Об огромном воздействии на финское руководство событий, произошедших в Западной Европе, сообщал также Берлину немецкий посланник в Хельсинки В. Блюхер.[399] В своих воспоминаниях он отмечал, что в это время «среди финских политиков обнаружилось много таких, которые довольно рано заметили, что усиление Германии может быть весьма выгодным для Финляндии».[400] В частности, германский дипломат располагал сведениями о том, что тогда ряд известных политических деятелей обратился к премьер-министру страны Р. Рюти, «настаивая на том, что бы правительство Финляндии проявило "повышенное внимание" к Германии, выражая благожелательность к ней…»[401] Те, кто рассматривал заключенный в марте мирный договор Финляндии с СССР лишь как перемирие, видели теперь возможность вернуть утраченные территории с помощью Германии.
Прогерманская ориентация существенно изменила и финляндский внешнеполитический корпус. В марте министр иностранных дел периода «зимней войны» Вяйне Таннер получил отставку. При выборе нового главы МИДа рассматривались кандидатуры достаточно авторитетных финских дипломатов-профессионалов: К. Энкеля, Г. А. Грипенберга, А. Ирье-Коскинена, Ю. К. Паасикиви и др.[402] Однако уже тогда было очевидно, что отношения с Германией могут стать для Финляндии определяющими. Это очень хорошо понимали дипломаты, которые могли занять пост нового министра. Показательно, что когда, например, посланнику в Лондоне Г. А. Грипенбергу намекнули на возможность возглавить департамент внешней политики Финляндии, он отказался, сославшись на то, что его считают «противником Германии».[403]
Окончательный выбор пал на Рудольфа Виттинга, который являлся откровенным германофилом (к тому же далекие предки его были немцами[404]). Более того, считалось, что взгляды нового министра иностранных дел по проблемам внешней политики были во многом сходны с взглядами немецкого посланника В. Блюхера.[405] Уже при первой официальной беседе, произошедшей между Блюхером и Виттингом, последний сообщил, что приложит все свои усилия для того, чтобы новое правительство проводило внешнюю политику подобно тому, как в 30-е годы ее осуществлял кабинет Т. Кивимяки.[406] «Внешняя политика правительства Кивимяки, — заметил по этому поводу профессор М. Менгер, — была самой благоприятной финской политической линией 30-х годов для фашистской Германии».[407]
Сам же Кивимяки в развитии финско-германских отношений стал опять занимать одну из ключевых позиций. Именно он заменил финляндского посланника в Берлине Аарне Вуоримаа, поскольку в МИДе пришли к выводу, что последний не обладал необходимыми качествами для того, чтобы сближать и укреплять отношения с Германией.[408] Тойво Кивимяки же был хорошо известен своими симпатиями к Третьему рейху, и к тому же считался доверенным лицом Р. Рюти, что еще более усиливало его позиции в немецкой столице.[409] Что касается военного атташе в Германии полковника Вальтера Хорна, то он был немцем по происхождению и преклонялся перед гитлеровским вермахтом.

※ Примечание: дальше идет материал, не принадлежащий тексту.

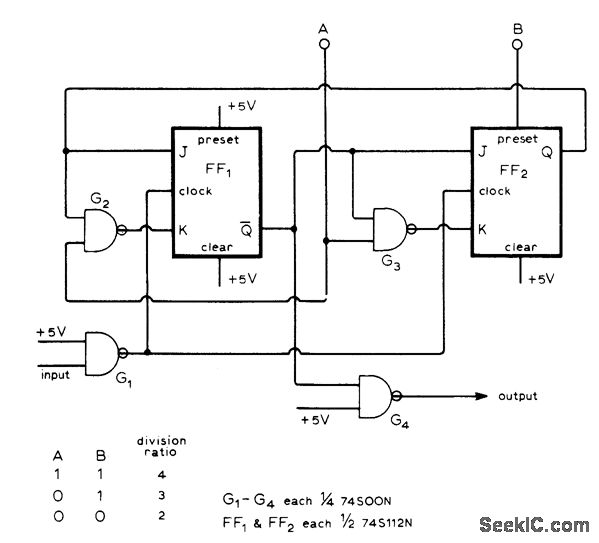 Division ratio is controlled externally by making control terminals A and B high (1) or low (0), as given in table. Developed for use in receiver requiring local oscillator covering 10 to 30 MHz. Counter simplifies tuner design.-C. Attenborough, Fast Modulo-3 Counter, Wireless World, Aug. 1976,p 52.
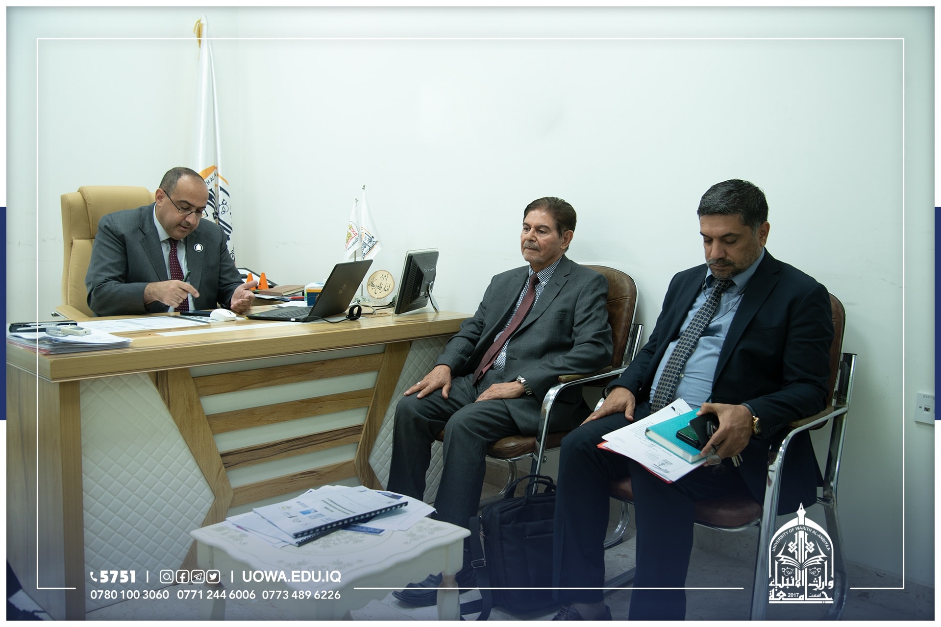 اجتمع السيد رئيس الجامعة الاستاذ الدكتور ابراهيم الحياوي بالبروفيسور حسن النجم رئيس مركز تطوير المواد الانشائية في جامعة ليفربول جون مورس البريطانية والسيد عميد كلية الهندسة الدكتور حسين هادي والسيد رئيس قسم الشؤون العلمية والسيد رئيس قسم ضمان الجودة
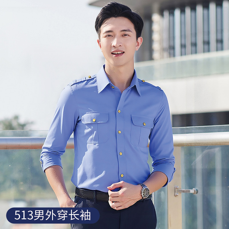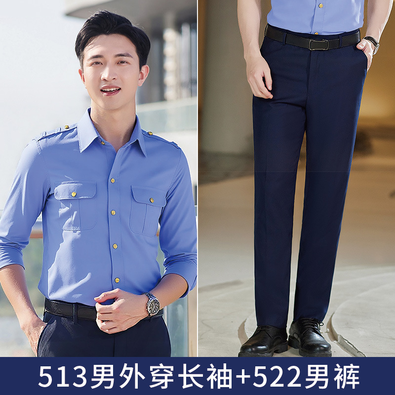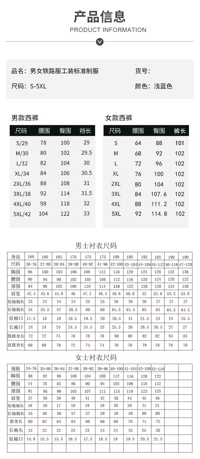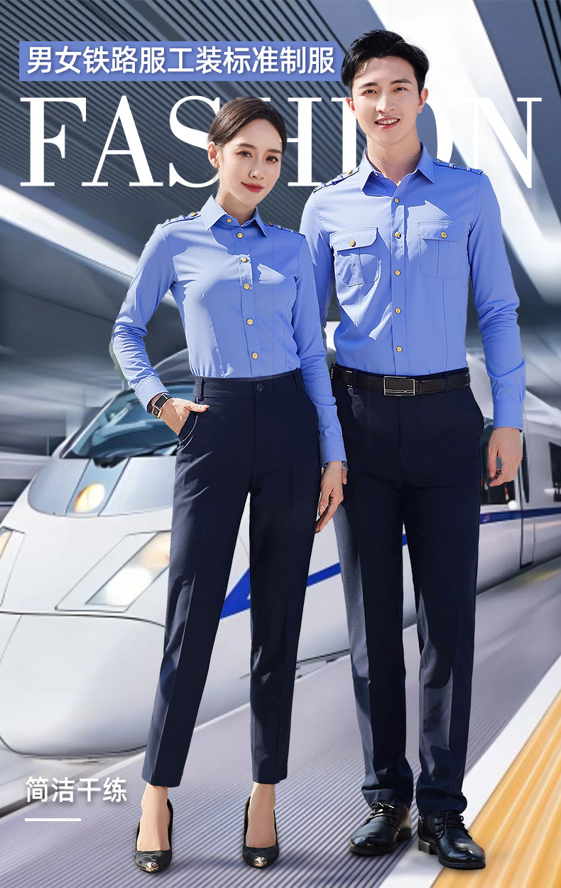 새로운 철도 셔츠 남자와 여자 같은 스타일 길고 짧은 소매 셔츠 창 유니폼 작업복 세트 승무원 작업복 블루

Это, безусловно, могло лишь обеспечить лучшее взаимопонимание с нацистским руководством. Заметим, что большинство генералов и высших офицеров финской армии также прошло в прошлом прусскую военную школу, находясь в годы первой мировой войны в составе известного 27-го прусского королевского егерского батальона, сформированного из националистически настроенной молодежи Финляндии.
Высшие политические и военные круги Советского Союза не располагали еще достаточными данными о происходившем повороте во внешнеполитической ориентации Финляндии в сторону Германии. К тому же советское руководство продолжало находиться под впечатлением событий войны 1939–1940 гг., когда Англия и Франция, помогая Финляндии, были готовы направить свои войска на ее территорию для ведения боевых действий против Советского Союза.
Выдвижение армии и флота Германии в Заполярье, а также в восточную часть бассейна Балтийского моря требовало уже переоценки обстановки. Не могла не повлиять на советское руководство и катастрофа Франции. В этой связи Н. С. Хрущев писал: «Наблюдал я за Сталиным… Он как-то опустил руки после разгрома Гитлером французских войск и оккупации Франции. Я был как раз у него во время капитуляции Франции. Тогда он выругался сочно, по-русски, узнав об этом говорил: “Видите, столкнули нас лбами, Гитлер развязал себе руки на Западе”».[410]